Pennsylvania rolls out red carpet for high-tech life-sciences firms like Merck, Cellomics and others; governor says building infrastructure is the key.

by RON STARNER

W
hen Cellomics Inc. announced on May 8 that it would take up 150,000 sq. ft. (13,950 sq. m.) of new speculative office space at Bridgeside Point in the Pittsburgh Tech Center, the deal signaled more than a single corporate expansion. It confirmed what many in Pennsylvania already suspected: The state is rapidly becoming a bio-technology and pharmaceutical industry hub for the Eastern Seaboard of the U.S.
      "Bridgeside Point's location, at the foot of Hot Metal Bridge on the site of an old steel mill, signals a new era for the Pittsburgh economy," says Jeff Schulz, senior vice president of Grubb & Ellis in Pittsburgh. "New technology businesses are building on the old economy's business sites of the past."
      In the case of Cellomics, a Harmar biotechnology firm, the space will be used to analyze the success rate of pharmaceutical products. The drug-testing company plans to use the space as a biotech research and office center. Currently employing 160 workers at the site, Cellomics expects to expand to 400 within three years.
      Cellomics is far from alone in transforming the Quaker State's economy from steel mill-dependent manufacturing into knowledge-and-research-based industry. The growing list of expanding companies in Pennsylvania reads like a Who's Who of biotech, information technology, telecommunications and financial services. Companies like Merck, VerticalNet, Marconi and Vanguard are not only changing the character of the state's economy; they are changing the way corporate real estate executives and site selection consultants view places like Pittsburgh, Philadelphia, Scranton, Wilkes-Barre, Lancaster, Reading, Harrisburg, Allentown and State College, Pa.
      When the Vanguard Group announced last year that it would expand its world headquarters in Malvern in Chester County by US$500 million and 6,000 jobs, CEO Jack Brennan said that two things sealed the deal for Southeast-ern Pennsylvania -- a $55 million incentives package and the area's work force.

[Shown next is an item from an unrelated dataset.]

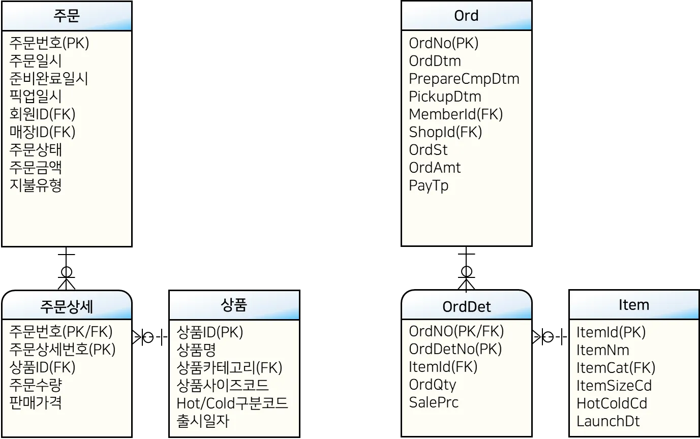 대상 테이블: 주문(Ord)과 주문상세(OrdDet)

      "Through Gov. (Tom) Ridge's leadership and his personal commitment to our expansion plans, we have been able to accomplish our primary objective: reinforcing to Chester County, as well as to the Commonwealth of Pennsylvania, that we are committed to the area and to growing here for years to come," Brennan noted at the press conference for the nation's second-largest mutual-fund firm. He added that Vanguard selected the site because it was "the most attractive to us because of its location -- particularly its proximity to our Malvern campus (where the company already employs 8,200 people) -- and its access to the terrific labor pool that exists in the Delaware Valley."

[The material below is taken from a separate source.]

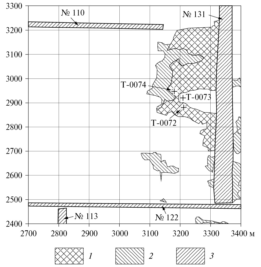 Рис. 1. Схема расположения объектов исследования [25], местоположение разрезов Т-0074 (Р-1), Т-0073 (Р-2) и Т-0072 (Р-3): 1 – ареалы, затопленные весной 2006 г., 2 – ареалы, переувлажненные весной 2006 г., 3 – лесополосы (указан номер).

      While the Vanguard project represents the largest job-creating announcement in Pennsylvania since 1976, many other large projects came to the state within the past year. Among the biggest:

  • Marconi Communications' 1,000 new jobs in Allegheny County.
  • Corning's 1,000 new jobs in Lackawanna County.
  • CIGNA's 1,200 new jobs in Lackawanna County.
  • VerticalNet's 1,000 new jobs in Horsham near Phila-delphia.
  • Merck & Co.'s 3,000 new jobs in Montgomery County.